К поэтам «парижской ноты» следует отнести тех, чья жизнь протекала преимущественно в кафе на бульваре Монпарнас, это прежде всего A. Штейгер и Л. Червинская, хотя мотивы «парижской ноты» можно найти у многих эмигрантских поэтов – Г. Иванова, Д. Кнута, Н. Оцупа, Ю. Мандельштама, И. Чиннова и др. Это подтверждает, что говорить о некоторой цельности «парижской ноты» было бы преувеличением. Недаром впоследствии сам Г. Адамович вспоминал: «Что было? Был некий личный литературный аскетизм, а вокруг него или иногда в ответ ему некое коллективное лирическое уныние, едва ли заслуживающее названия школы. <…> Состав пишущих был в Париже случаен, отбор единомыслящих, единочувствующих ограничен, и поэтическое содружество поневоле осталось искусственным»43.

Несмотря на это, распространение и влияние «парижской ноты» («ноты Адамовича», или «парижской школы») было очень велико, поэтому ей противостояли, помимо «Перекрестка», и такие крупные литературные объединения молодежи, как «Кочевье» и «Скит поэтов». «Кочевье» было основано в Париже в 1928 г. М. Слонимом как «свободное литературное объединение», ориентированное на литературную эмигрантскую молодежь. Одной из задач «Кочевья» было изучение русской советской литературы в лице ее лучших представителей (М. Горький,

B. Маяковский, М. Зощенко, В. Катаев, Ю. Олеша и др.). Кроме того, на заседаниях объединения читались и разбирались произведения самих его участников (В. Познера, Г. Газданова, Б. Божнева, С. Шаршуна, А. Ладинского и др.). Не обходили стороной и творчество «старших» эмигрантов, и теоретические проблемы литературы и искусства. Некоторые произведения участников группы М. Слоним печатал в своем журнале «Воля России».

В отличие от этих сообществ, литературное объединение «Скит поэтов» (1922–1940) действовало не в Париже, а в Праге. Его руководителем был А.Л. Бем. Официально членами «Скита» (так именовалась группа с 1928 г., после того как ее участниками стали и прозаики) были 36 человек: С. Рафальский, Н. Дзевановский, А. Туринцев, В. Лебедев, М. Скачков, Д. Кобяков, Б. Семенов, Е. Глушкова, А. Воеводин, А. Головина, Г. Хохлов, Т. Ратгауз, И. Бем, К. Набоков, Н. Андреев и др. Собрания сначала проводились еженедельно, а чуть позже – ежемесячно. Как и в других объединениях, в «Ските» читались и обсуждались произведения участников группы, а также доклады и сообщения на литературные темы.
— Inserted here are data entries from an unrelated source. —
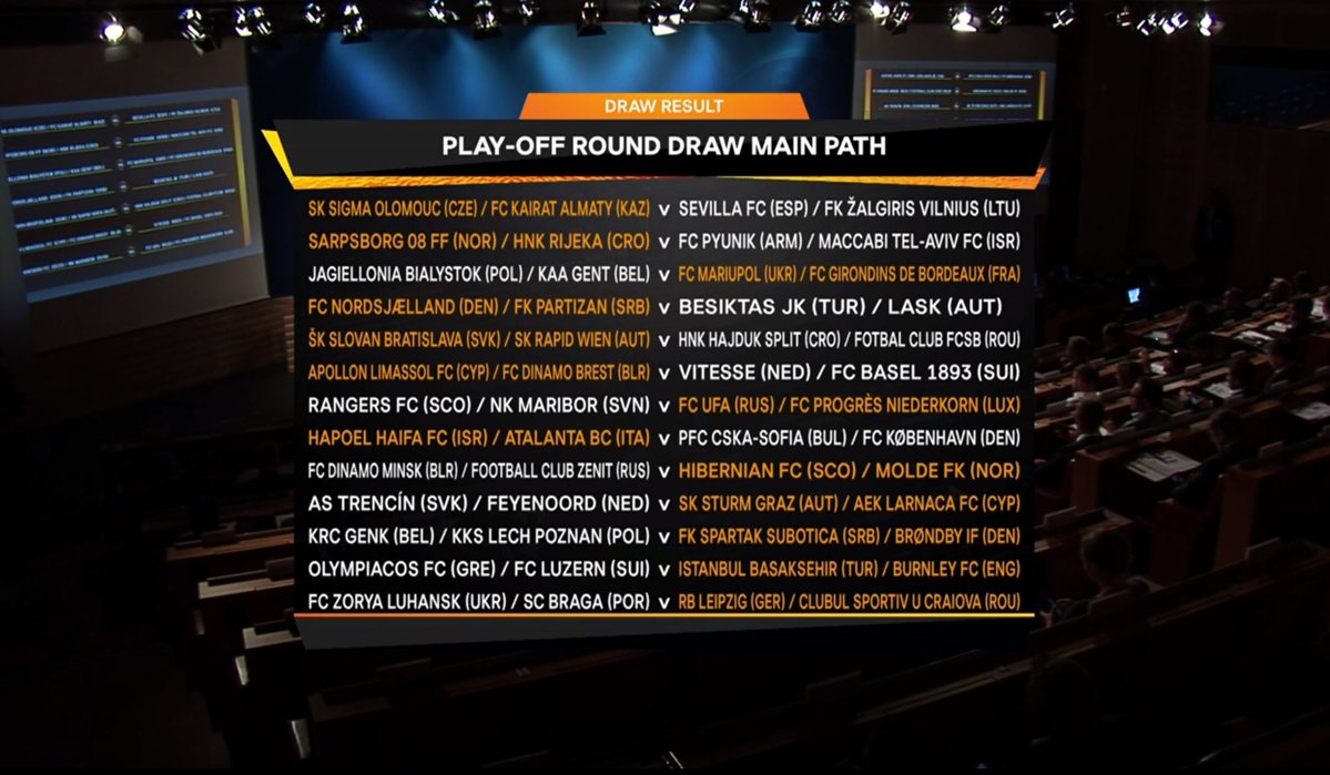 Άτυχες στάθηκαν οι εκπροσώποι μας στην κλήρωση των play offs του Europa League, καθώς και για τις τρεις ομάδες μας προέκυψαν δυνατοί αντίπαλοι.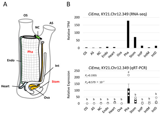 - Nakayama, S.; Ogasawara, M. Compartmentalized expression patterns of pancreatic- and gastric-related genes in the alimentary canal of the ascidian Ciona intestinalis: Evolutionary insights into the functional regionality of the gastrointestinal tract in Olfactores. Cell Tissue Res. 2017, 370, 113–128. [Google Scholar] [CrossRef] [PubMed]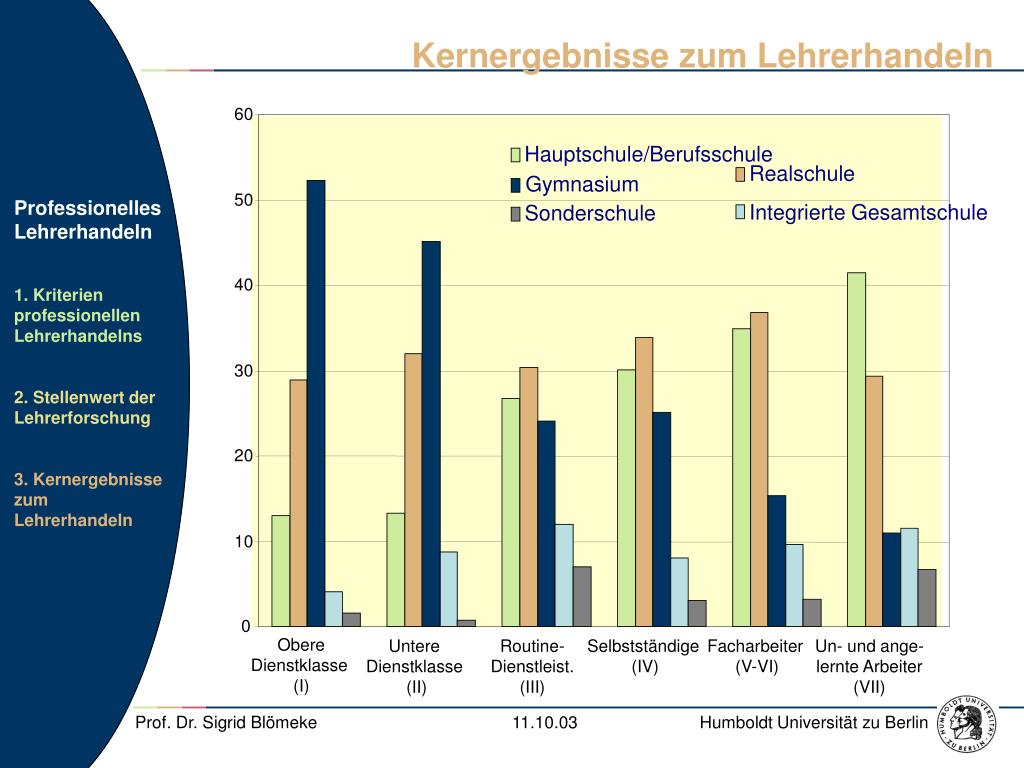 60 Hauptschule/Berufsschule Realschule Gymnasium 50 Integrierte Gesamtschule Sonderschule 40 30 20 10 0 Obere Dienstklasse (I) Untere Dienstklasse (II) Routine- Dienstleist. (III) Selbstständige (IV) Facharbeiter (V-VI) Un- und ange- lernte Arbeiter (VII) Kernergebnisse zum Lehrerhandeln Prof. Dr. Sigrid Blömeke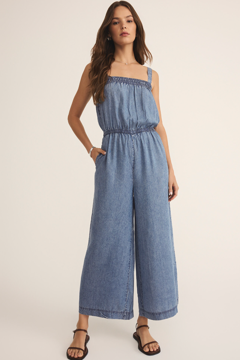 The Solara Chambray Jumpsuit is an easy go-to summer look! Featuring a square neckline with a regular fit, this breezy jumpsuit has a cinched waist for an adjustable fit. Pair with sandals to complete the look!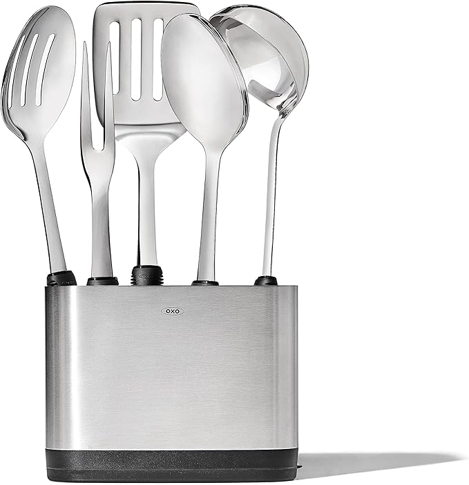 Perfect for wedding registries, housewarming gifts or kitchen upgrades, the OXO Good Grips 6-Piece Prep & Serve Set transitions seamlessly from kitchen to table. The elegant stainless steel construction is built to last, and each tool in the six-piece set is designed with comfort in mind. The Utensil Holder provides a neat spot for storing the tools, holding them upright for easy access. Whether you’re cooking a simple weeknight stew or your signature Sunday roast, you can serve in style. Set includes Stainless Steel Turner, Stainless Steel Spoon, Stainless Steel Slotted Spoon, Stainless Steel Ladle, Stainless Steel Fork, Stainless Steel Utensil Holder. Dishwasher safe.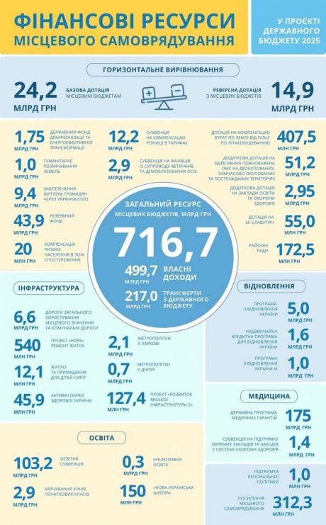 13 вересня Кабінет Міністрів України схвалив проєкт Закону України "Про Державний бюджет України на 2025 рік". Згідно з розрахунками Уряду, загальний обсяг фінансового ресурсу місцевих бюджетів на 2025 рік становитиме 716,7 млрд грн, у тому числі: доходи місцевих бюджетів – 499,7 млрд грн; трансферти з державного бюджету – 217 млрд грн.

Какой-либо определенной творческой программы у «скитовцев» не было, если не считать за таковую ориентацию на идеалы Серебряного века и неприятие А. Бемом принципов, отстаиваемых Г. Адамовичем и его последователями: «Поэзия для них (для поэтов “парижской ноты”. – А.М.) не активный процесс преобразования мира через собственное его постижение, а только “отдушина” для личных переживаний. Поэтому в круг поэтического переживания втянут очень ограниченный мирок самого автора. В этом смысле, если хотите, их поэзия “интимна”. Но за этой интимностью нет “трагичности” или, вернее, трагедийности, даже когда в ней идет речь о смерти и судьбе. Она размягчает, но не поднимает, в ней больше тоски, чем скорби, больше жалости к себе, чем к другому. Огромный жизненный опыт, редко выпадающий на долю человека, прошел по человеку, а не через него, раздавил, а не преобразил его. Здесь кризис не поэзии, а кризис – поэта. Там, где нечего сказать, а хочется только “сказаться”, там высыхает подлинное творчество». А. Бем считал для себя неприемлемой эту черту, «объединяющую, назовем условно, поэтов “Чисел”»44.

«Числа» (1930–1934) – один из самых известных журналов русской эмиграции, страницы которого практически полностью были предоставлены эмигрантской молодежи. Вышло десять номеров журнала, первые четыре из которых редактировались совместно французской теософкой И.В. де Манциарли и поэтом Н.А. Оцупом, а последние шесть – одним Н. Оцупом. В отличие от большинства эмигрантских журналов, «Числа» были красиво оформлены, что послужило поводом для сравнения журнала с петербургским «Аполлоном».

Кроме того, на страницах «Чисел» не публиковались политические материалы, что было непривычно и несвойственно для печати русского рассеяния. В редакционном предисловии к журналу Н. Оцуп писал, что «в сборниках не будет места политике, чтобы вопросы сегодняшней минуты не заслоняли других вопросов, менее актуальных, но не менее значительных» (№ 1. С. 6). И здесь же определялась особая позиция издания: «У бездомных, у лишенных веры отцов или поколебленных в этой вере, у всех, кто не хочет принять современной жизни, как она дается извне, – обостряется желание знать самое простое и главное: цель жизни, смысл смерти. “Числам” хотелось бы говорить главным образом об этом… Писать надо о жизни. Но жизнь без своего загадочного и темного фона лишилась бы своей глубины. Смерть вплетена в живое». Это вызывало критику со стороны оппонентов (М. Слоним, А. Бем и др.). Подытоживая эти отзывы, Г. Струве иронично заметил, что «о смерти говорилось в “Числах” гораздо больше, чем о цели жизни»45.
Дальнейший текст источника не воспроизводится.